Di sela beban kerja sebagai buruh migran, Etik Juwita menulis beragam cerpen yang menceritakan kehidupan sebenarnya para ’’pahlawan devisa”. Mengandalkan handphone atau menulis secara manual di buku.
DEBORA D. SITANGGANG, Jakarta, Jawa Pos
SUATU kali Etik Juwita pernah ditanya, ’’Benarkah TKW (tenaga kerja wanita)/TKI (tenaga kerja Indonesia) hidup bergelimang dolar (sehingga dijuluki pahlawan devisa)?”
Dan, buruh migran Indonesia (BMI) asal Blitar, Jawa Timur, itu, seperti diunggahnya di dinding Facebook-nya pada 21 Oktober lalu, menjawab, ’’Saya tidak paham yang dimaksud bergelimang dolar itu bagaimana ya...”
Ada penjelasan lanjutan di bawah jawaban pendek itu. Tapi, bertahun-tahun sebelumnya, lewat cerpen Bukan Yem yang dimuat Jawa Pos, dia menceritakan dengan gamblang betapa sumirnya sebutan pahlawan devisa tersebut.
’’Saya cerita (di Bukan Yem) bagaimana serombongan pekerja migran perempuan dari berbagai negara pulang kampung dan mengalami banyak pengompasan di sepanjang perjalanan. Jadi, ketika di negara penempatan susah sekali mendapatkan kisah indah, nyatanya ketika pulang pun, di negeri sendiri mereka masih mengalami nasib yang buruk,” tuturnya kepada Jawa Pos.
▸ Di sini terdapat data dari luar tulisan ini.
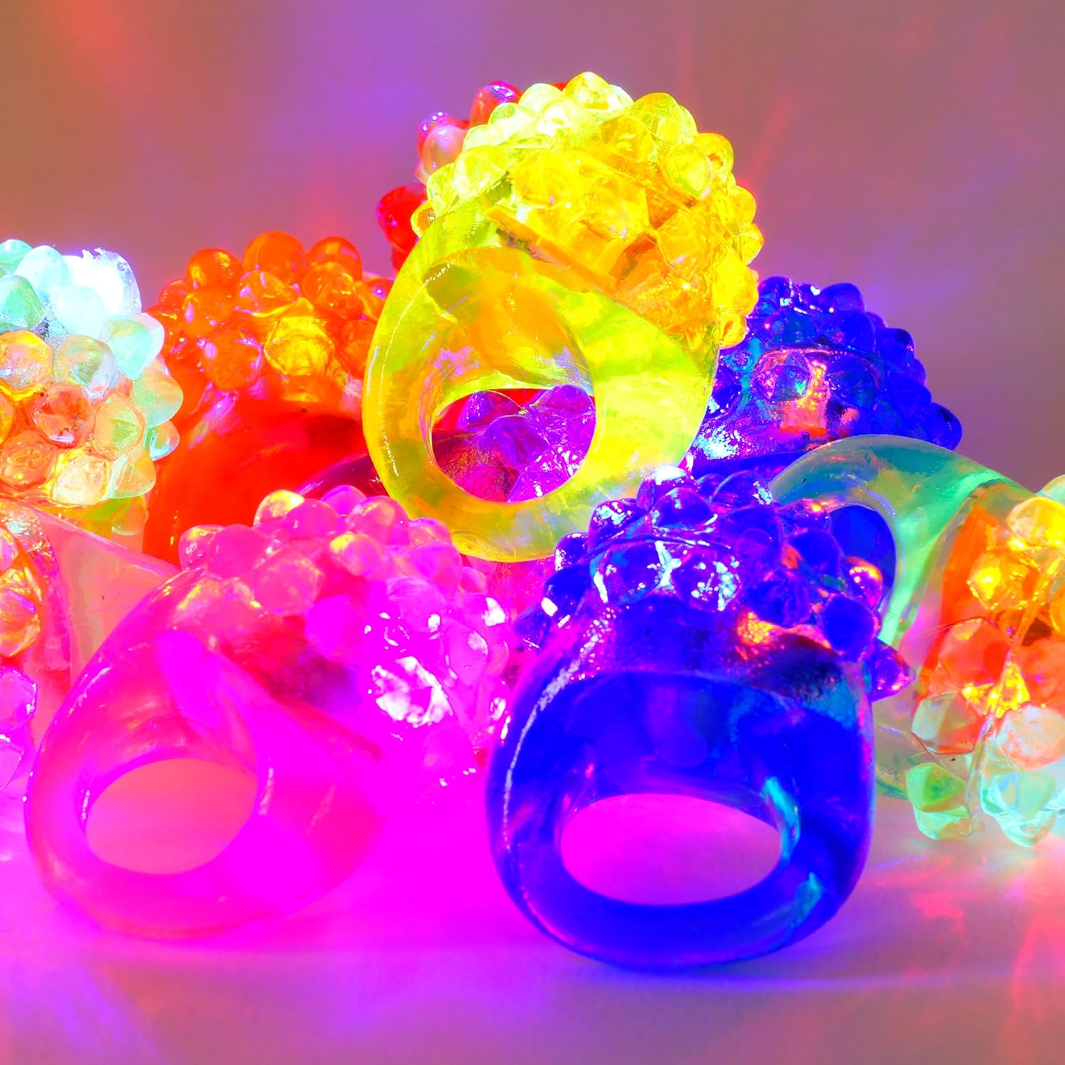 Anello per feste, mix di 8 colori o aspetto diamante, anelli per feste a LED lampeggianti e luminosi, edizione Maiorca, tempo di illuminazione 60-90 minuti.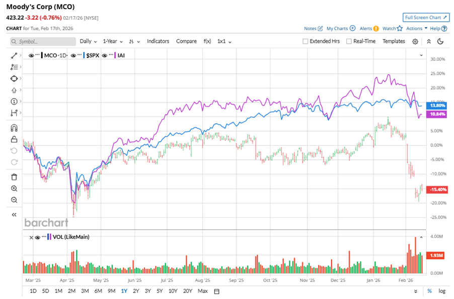 New York-based Moody's Corporation (MCO) operates as an integrated risk assessment firm. With a market cap of $76.1 billion, the company provides credit ratings and related research, data and analytical tools, quantitative credit risk measures, risk scoring software, and credit portfolio management solutions and securities pricing software and valuation models. Shares of this credit rating giant have underperformed the broader market over the past year. MCO has declined 19.1% over this time frame, while the broader S&P 500 Index ($SPX) has rallied nearly 11.9%. In 2026, MCO stock is down 17.2%, compared to the SPX’s marginal fall on a YTD basis. Cathie Wood Adds 210K Shares to a Rising AI Bet With Upside of 102% Is GOOG Stock a Buy Amid the Software Selloff? Broadcom Is ‘Sitting on a Sinking Iceberg.’ Why 1 Analyst Is Warning on AVGO Stock Here. Stop Missing Market Moves: Get the FREE Barchart Brief – your midday dose of stock movers, trending sectors, and actionable trade ideas, delivered right to your inbox. Sign Up Now! Narrowing the focus, MCO’s underperformance is also apparent compared to the iShares U.S. Broker-Dealers & Securities Exchanges ETF (IAI). The exchange-traded fund has gained about 6.5% over the past year. Moreover, the ETF’s 5.6% dip on a YTD basis outshines the stock’s double-digit losses over the same time frame. Today, on Feb. 18, MCO reported its Q4 results. Its revenue stood at $1.9 billion, up 13% year over year. The company’s adjusted EPS grew 38.9% from the year-ago quarter to $3.64. For fiscal 2025, ended in December, analysts expect MCO’s EPS to grow 18.5% to $14.78 on a diluted basis. The company’s earnings surprise history is impressive. It beat the consensus estimate in each of the last four quarters. Among the 24 analysts covering MCO stock, the consensus is a “Moderate Buy.” That’s based on 16 “Strong Buy” ratings, one “Moderate Buy,” and seven “Holds.” This configuration is more bullish than a month ago, with 15 analysts suggesting a “Strong Buy.” On Feb. 10, RBC Capital analyst Ashish Sabadra maintained a “Buy” rating on MCO and set a price target of $610, implying a potential upside of 44.1% from current levels. The mean price target of $573.30 represents a 35.5% premium to MCO’s current price levels. The Street-high price target of $660 suggests an ambitious upside potential of 55.9%. On the date of publication, Neha Panjwani did not have (either directly or indirectly) positions in any of the securities mentioned in this article. All information and data in this article is solely for informational purposes. This article was originally published on Barchart.com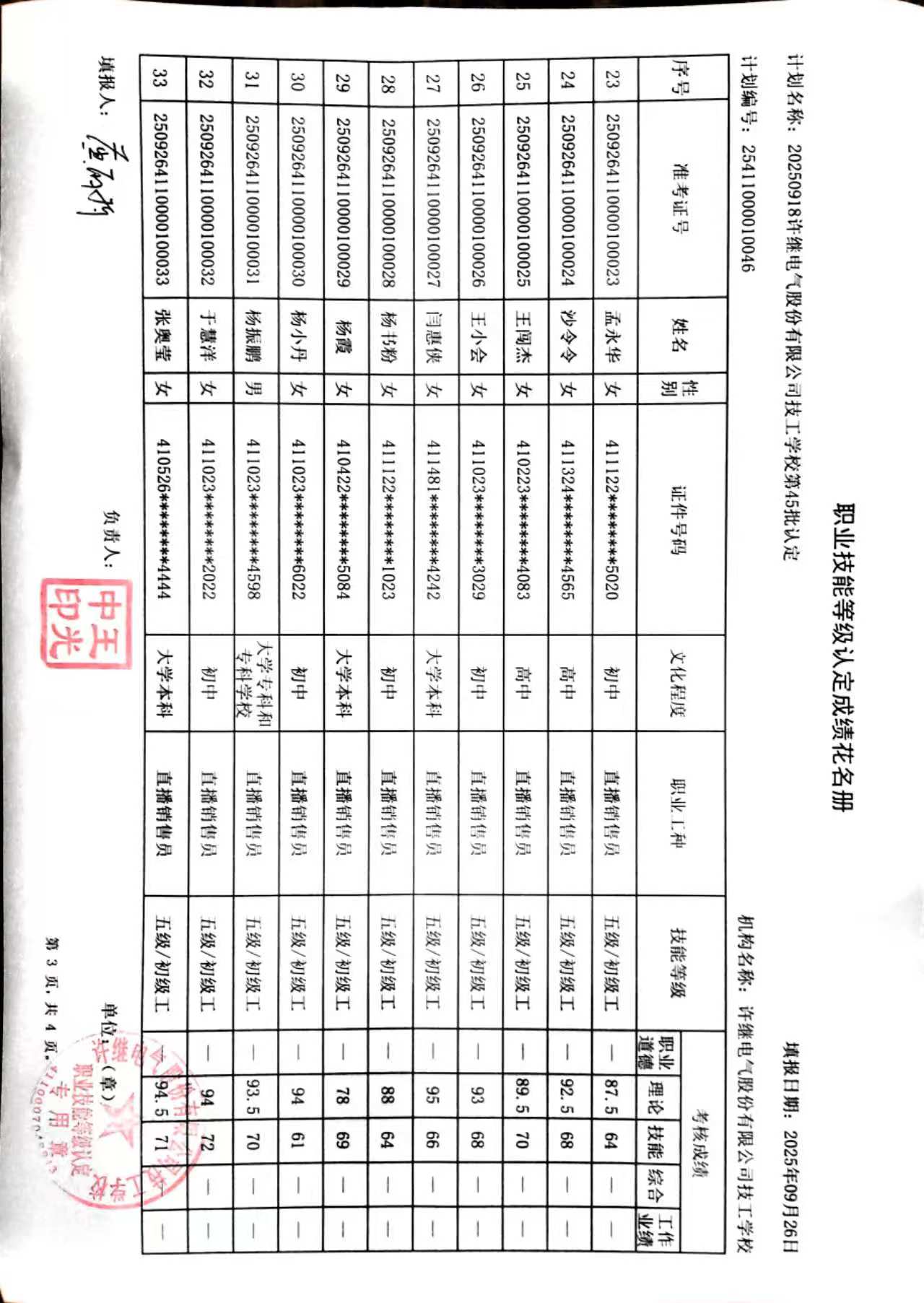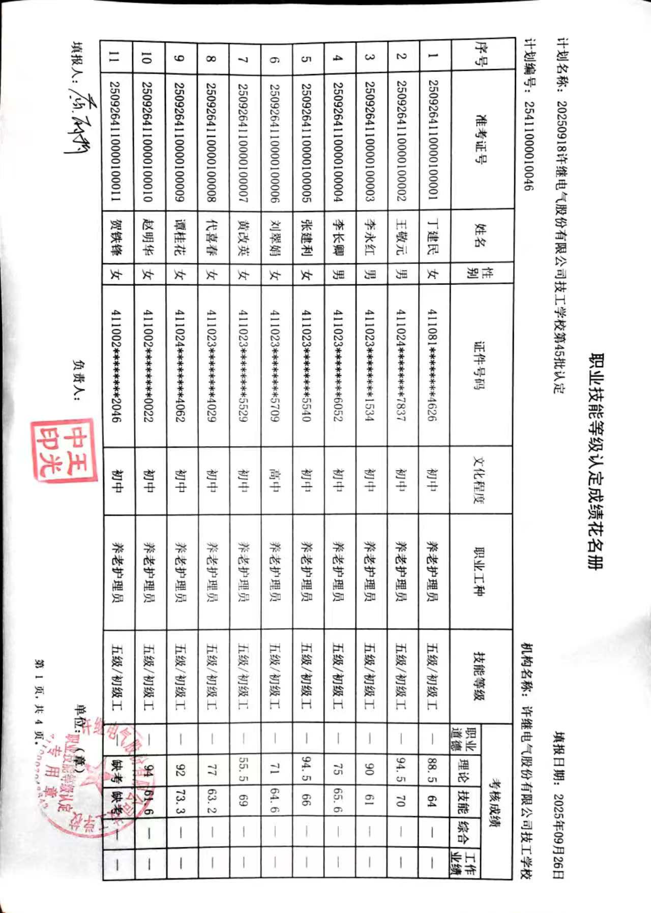 许继技工学校2025年第45批社会化职业技能等级认定成绩公示
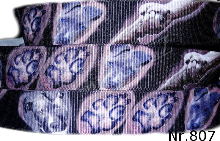 Dieses exklusive 25mm breite Band hat einen eleganten schwarzen Hintergrund und zeigt verschiedene Bilder eines Amstaffs, seine Pfote sowie eine liebevolle Hand, die eine Hundepfote hält.

Sekarang bekerja di Taiwan, Etik mulai bekerja sebagai BMI di Hongkong pada 2003. Di sela-sela beban pekerjaan harian, dia terus merawat kecintaannya pada menulis.
Berbagai cerpennya yang bertutur tentang dunia buruh migran termuat di berbagai platform. Dan, pengalaman itulah yang turut dia bagikan dalam forum diskusi Sastra Diaspora Indonesia (Indonesia Writing Abroad) yang diadakan Yayasan Lontar dua pekan lalu (15/11). Dua pemateri lain di acara tersebut adalah Soe Tjen Marching dan Joss Wibisono.
Bagi alumnus Universitas Gajayana, Malang, tersebut, menulis adalah bagian dari upaya dia dan rekan-rekannya memperjuangkan berbagai isu terkait BMI. Misalnya, soal peningkatan kesejahteraan.
’’Keberadaan kami penting karena 130 ribu buruh migran (di Taiwan) turut membuat 130 ribu majikan bisa melakukan pekerjaan mereka dengan tenang. Ya, wajar dong kami menuntut perbaikan nasib,’’ terangnya.
Masa pematangan Etik sebagai penulis berlangsung di Hongkong. Bonari Nabonenar, sastrawan asal Trenggalek, Jawa Timur, disebutnya sebagai guru menulisnya.
Dari begitu banyak huruf dan realitas kehidupan para buruh migran di Hongkong yang dihimpunnya dalam berbagai cerita, karakter Tulkiyem salah satunya. Sesosok tokoh dalam cerita pendek slapstick atau semacam genre penulisan bergaya humor atau satir.